* TASK TO COMPLETE
For each entry, return the text exactly and omit any image.

* DATA
********************

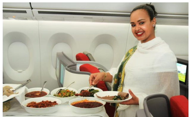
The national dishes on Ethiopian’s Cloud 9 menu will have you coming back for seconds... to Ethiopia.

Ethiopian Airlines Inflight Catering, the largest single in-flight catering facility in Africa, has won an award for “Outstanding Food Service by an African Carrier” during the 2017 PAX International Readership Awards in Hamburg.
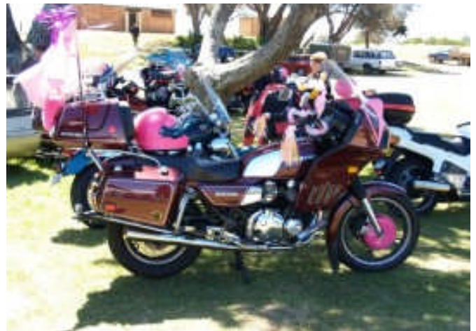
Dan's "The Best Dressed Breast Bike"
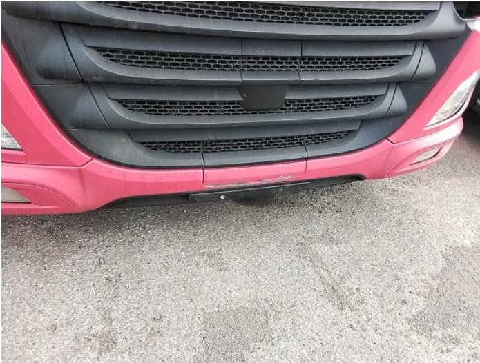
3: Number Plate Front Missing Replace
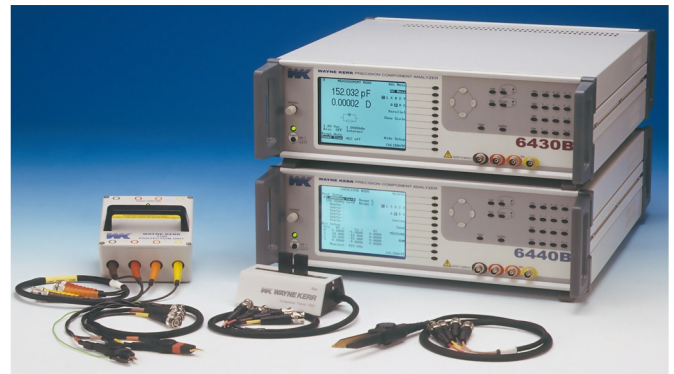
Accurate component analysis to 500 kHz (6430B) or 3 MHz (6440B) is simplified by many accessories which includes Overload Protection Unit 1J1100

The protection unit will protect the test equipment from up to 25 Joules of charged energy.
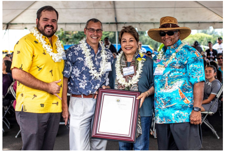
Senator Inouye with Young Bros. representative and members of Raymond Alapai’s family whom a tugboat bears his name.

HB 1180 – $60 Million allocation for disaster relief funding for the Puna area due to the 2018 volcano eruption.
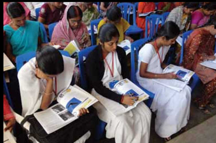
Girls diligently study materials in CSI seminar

********************

* TASK RESULT
The national dishes on Ethiopian’s Cloud 9 menu will have you coming back for seconds... to Ethiopia.

Ethiopian Airlines Inflight Catering, the largest single in-flight catering facility in Africa, has won an award for “Outstanding Food Service by an African Carrier” during the 2017 PAX International Readership Awards in Hamburg.
Dan's "The Best Dressed Breast Bike"
3: Number Plate Front Missing Replace
Accurate component analysis to 500 kHz (6430B) or 3 MHz (6440B) is simplified by many accessories which includes Overload Protection Unit 1J1100

The protection unit will protect the test equipment from up to 25 Joules of charged energy.
Senator Inouye with Young Bros. representative and members of Raymond Alapai’s family whom a tugboat bears his name.

HB 1180 – $60 Million allocation for disaster relief funding for the Puna area due to the 2018 volcano eruption.
Girls diligently study materials in CSI seminar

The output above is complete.